The premise appears to be the same as the Modern deck, with lots of cheap artifacts powering various effects including Emry, Lurker of the Loch to dig for Malcator and protect it with Metallic Rebuke. The key is keeping back enough cheap artifacts to trigger Malcator twice the turn he comes in and then each turn thereafter. Against me, that happened, and I was buried by golems.
That's not much of a plus, I'll admit, but it is worth remembering that most of the enabling artifacts of Modern Urza decks are also Pioneer-legal. Not many decks are truly prepared for dedicated artifact decks in Pioneer, so this deck could easily be real.
Is Pioneer Shifting?
This begs the question of where Pioneer is headed.
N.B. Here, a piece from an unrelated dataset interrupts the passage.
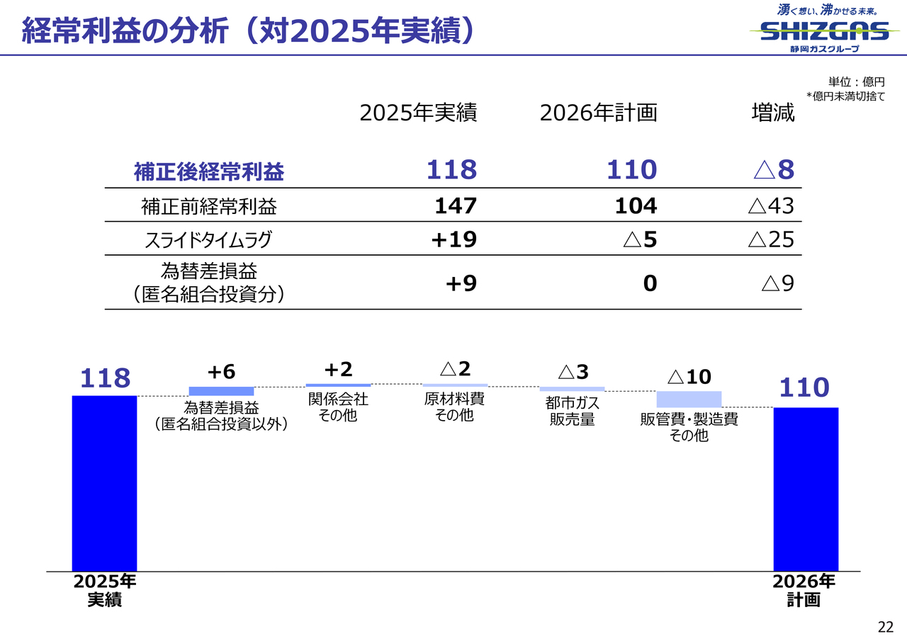 原材料費その他は、2026年には2025年に見られたCIF差による増益影響が圧縮されると予測しています。一方で、2025年に比べ、2026年は原油価格が下がることから、LNGの価格全体が下落し、CIF差への影響も小さくなると考えています。また、静岡ガスとしても、調達価格を下げる努力を行い、この差を前期比でマイナス2億円に抑える見込みです。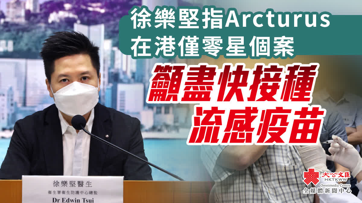 新冠疫情方面,徐樂堅指,目前新出現的變種病毒株Arcturus(大角星、XBB.1.16)於本港只有零星個案,並非主流病毒,印度較多兒童患者出現結膜炎,但數據不算多,現時本港主流病毒株仍是BA.2及BA.5,患者普遍無徵狀或輕微徵狀。他又指,雖然新冠感染個案有上升趨勢,但現時新冠就如流感一樣,是風土病的情況,而重症和死亡數字並無明顯上升,當局將會繼續密切監察情況。

Based on what I've seen online, I'd say that for the immediate future, Pioneer will continue on its previous course.
While I have played a number of decks with One cards, most decks have been pre-One stock, and mostly the usual suspects. It might be that card availability is an issue or that the previously mentioned difficulty refining decks is at play. It could also simply be that there isn't enough reason for players to dramatically change their decks yet, so they're simply keeping on keeping on. I certainly haven't seen anything that makes me think I need to dramatically alter my sideboard or maindeck. Pioneer appears extremely stable.
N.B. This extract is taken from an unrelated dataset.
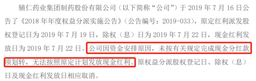 去年挣了9个亿的辅仁药业,上周宣布了分红的公告,一共派息6000多万。结果没过两天,上市公司又突发公告要求停牌,原因竟然是拿不出钱来,为了保护股东的利益,要停牌去筹钱。。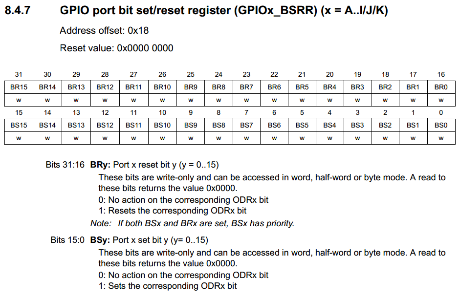 Мы не будем менять данных параметров, поскольку нас вполне устраивают значения по умолчанию. Установка значения на пине МК Наконец-то мы подошли к моменту управления состоянием выхода МК. Для установки выходного значения на определенном пине МК есть два метода. Используем регистр GPIO port bit set/reset register (GPIOx_BSRR) Запись «0» или «1» в биты 0-16 приводят к соответствующему изменению состояния пинов порта. Для того, чтобы установить определенное значение на выходе одного или нескольких пинов МК и не изменить состояния остальных, необходимо будет пользоваться операцией модификации отдельных бит. Такая операция выполняется не менее чем за 3 такта. Если же необходимо в часть битов записать 1, а в другие 0, то понадобится не менее 4 тактов. Данный метод предпочтительнее всего использовать для изменения состояния выхода на противоположное, если его изначальное состояние не известно. GPIO port bit set/reset register (GPIOx_BSRR) В отличии от предыдущего метода, запись 0 в любой из битов данного регистра не приведет ни к чему (да и вообще, все биты write-only!). Запись 1 в биты 0-15 приведет к установке «1» на соответствующем выходе МК. Запись 1 в биты 16-31 приведет к установке «0» на соответствующем выходе МК. Этот метод предпочтительнее предыдущего, если необходимо установить определенное значение на пине «МК», а не изменить его. Зажигаем светодиод! Найдя адреса всех необходимых регистров, можно написать программу, которая включает светодиод: void main() { //Enable port D clocking *(unsigned long*)(0x40023830) |= 0x8;

Therefore, my advice ahead of the weekend RCQs is to not panic. No lurking monster has emerged from One, and that's not likely to change in the next three days. Someone might have unusual tech at your RCQ, but it can be dealt with via ordinary means. There's definitely the chance that one of the new decks (most likely Hammer Time) will just get you. That doesn't mean anything; take it on the chin and get ready to win the sideboard games.
Slow Ride
I know that Modern has a reputation for moving slowly, but Pioneer seems to move even slower. The metagame has been overall quite stable and the format pillars are mostly unchanged since last season. There are new decks in the works but as of writing, they've not had enough time in the oven to truly compete. Don't dismiss the new decks, but don't panic over them either. Just execute the gameplan and win. Good luck to all RCQ players this weekend!